PUYALLUP - Each spring, for nearly half a century, civic leaders here have dutifully crowned a Daffodil Queen and cleared the streets in preparation for Pierce County's biggest event: the annual Daffodil Festival.

This month's daffodil parade boasts all the usual attractions. There's just one detail missing: The crop the festival is supposed to honor has all but disappeared here.

Of the nearly 40 daffodil farms that once stretched across the Puyallup Valley, only two, the VanLierop Bulb Farm and Knutson Farms Inc., are in operation today.

Cindi VanLierop, a fourth-generation bulb farmer, said tourists still call asking where to see the spectacular yellow fields for which the valley is renowned.

"I say, `Don't come here,' " she said. "I have to explain what's happened."

What has happened is that the fields - which once formed a solid carpet of blooms stretching halfway to Mount Rainier - have succumbed one by one to warehouses, subdivisions and, in one case, a golf course.

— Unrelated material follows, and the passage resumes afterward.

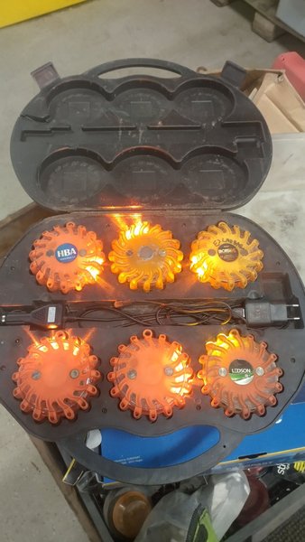 Set med 5 st uppladdningsbara och 1st med utbytbart CR123a batteri varningslampor. Lamporna har magnetfäste, 16 ljusdioder och 9 olika ljusfunktioner: 2 olika roterande ljus, fast sken max, fast sken ekonomi, 2 LED fast sken, 4 LED fast sken, enkelt blixtljus, alternerande blixtljus, SOS. Levereras i plastväska 230V- och 12V-laddare. Samtliga lampor kan laddas samtidigt via uttag i väskan.

Once the top daffodil-producing region in the state, the Puyallup Valley has been eclipsed by the Skagit Valley, which now dominates the state in bulb production. Farmers say pressure to develop there has not been so intense.

Puyallup Valley farmers blame competition from abroad and new regulations for driving many out of business. The Dutch, in particular, are blamed for the downfall of the industry by flooding American markets with bulbs and flying in cut flowers to sell in East Coast cities.

"At the end of the year, our expenses are here . . . ," explained Neil VanLierop, Cindi's father, jabbing a hand in the air, "and our income is here," he adds, placing the other hand a hair above the first. "That's what we call a successful year."

It's no surprise so many of their neighbors have left the business, added Cindi VanLierop.

"A developer will come to them and say, `Here's $4 million for your land.' Of course they're going to take it," she said.

Recognizing that daffodil farms were disappearing, Pierce County in 1985 asked voters to approve a $15 million plan to preserve farmland through the purchase of development rights. The proposal was voted down.

The slow death of the Puyallup daffodils coincides with the 100-year anniversary of Washington's daffodil industry, said Puyallup resident Charles Gould, a plant pathologist and professor emeritus at Washington State University.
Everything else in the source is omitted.